## About this task
Write out again the lines from the line with "LOT: 44284101 VIN: JF2GPACC6FH299737" up to and including the line with "Конституцию. Основные пункты", exactly as they stand below, and skip any picture.

## Given entries
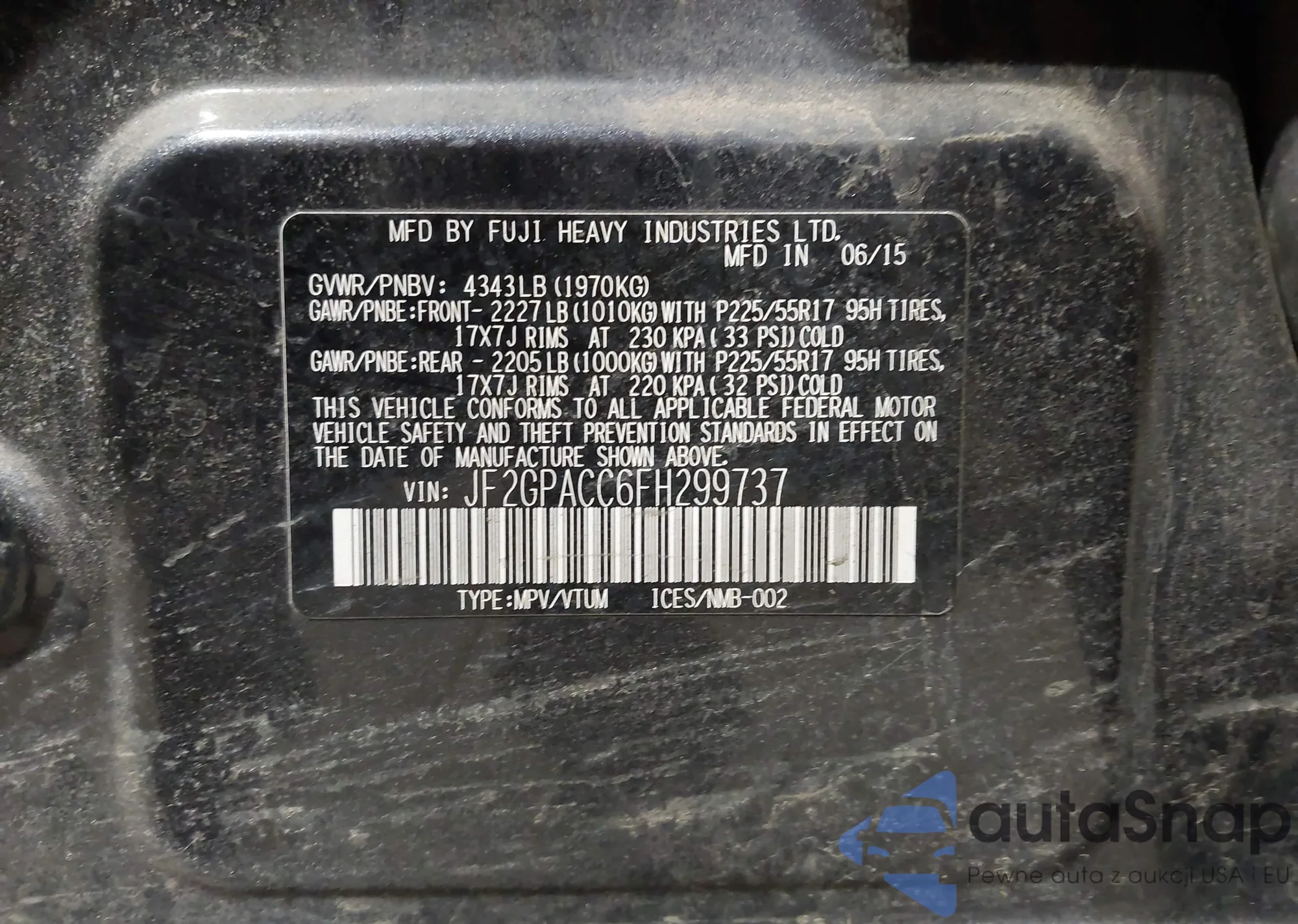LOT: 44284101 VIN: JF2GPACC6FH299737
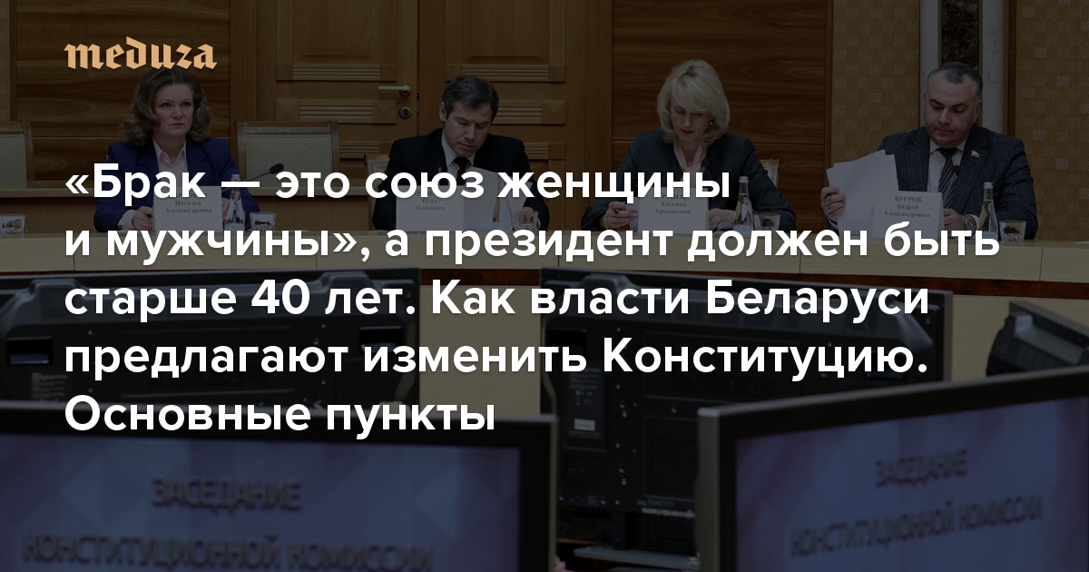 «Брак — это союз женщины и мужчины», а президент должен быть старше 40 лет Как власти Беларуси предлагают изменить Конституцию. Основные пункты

---

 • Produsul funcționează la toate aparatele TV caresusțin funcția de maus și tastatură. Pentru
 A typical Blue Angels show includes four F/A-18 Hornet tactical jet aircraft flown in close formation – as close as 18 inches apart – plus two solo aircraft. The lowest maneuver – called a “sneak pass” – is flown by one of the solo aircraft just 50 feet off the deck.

--

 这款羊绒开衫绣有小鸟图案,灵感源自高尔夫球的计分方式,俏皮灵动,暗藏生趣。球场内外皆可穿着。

## Answer to this problem
LOT: 44284101 VIN: JF2GPACC6FH299737
 «Брак — это союз женщины и мужчины», а президент должен быть старше 40 лет Как власти Беларуси предлагают изменить Конституцию. Основные пункты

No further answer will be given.